Proposal details include the address of Whale’s wallet and deeper information on why this account caused problems for Solend. Part of the main problem is that this large account is about to be liquidated which would burden Solend and its users.

According to the proposal, "If SOL drops to $ 22.30, whale's account becomes liquidated by up to 20% of their loans ($ 21 million)." The aim of the proposal is to take control of the whale account and carry out liquidation through an OTC transaction.

The proposal was immediately followed by criticism from Twitter as usual. Arguments include the damage this move could cause to the overall picture of DeFi. Taking control of one of Solend’s wallets means that the fundamental principles of DeFi are falling apart.
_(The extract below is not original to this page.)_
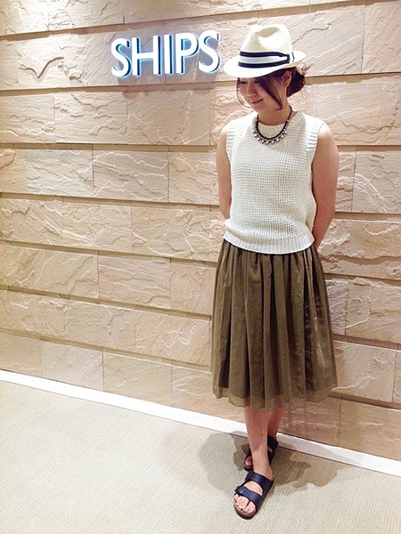 インナーにはTシャツとタイトスカートなどクールなスタイリングがおススメ。
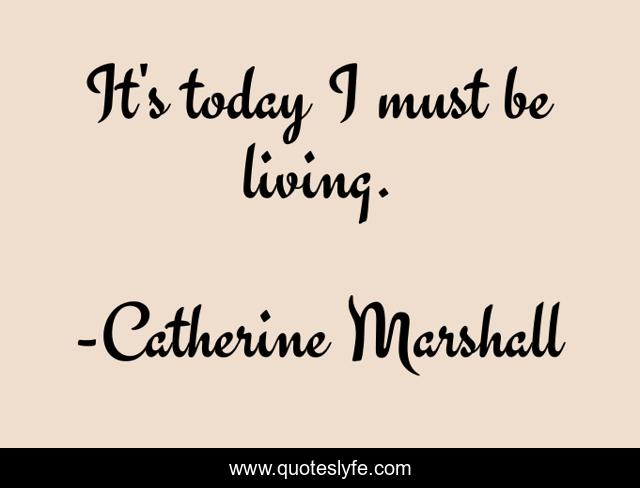 This page presents the quote "It's today I must be living.". Author of this quote is Catherine Marshall. .

This move also leaves a stain on Solend’s ability to manage his collateral. As Emin Gün Sirer, founder and CEO of Ava Labs, pointed out, additional consequences of this move could include cascading liquidations in the decentralized stock exchange (DEX) order book if the price of the Solana token falls too low.

Perhaps multiple cracks in the crypto ecosystem are beginning to be discovered through urgent, forced, and manipulated decisions made in a hurry. Taking control of DeFi wallets are far from the noble ideas that underlie the crypto culture of decentralization and such moves are likely to bring further criticism and ridicule in the sector.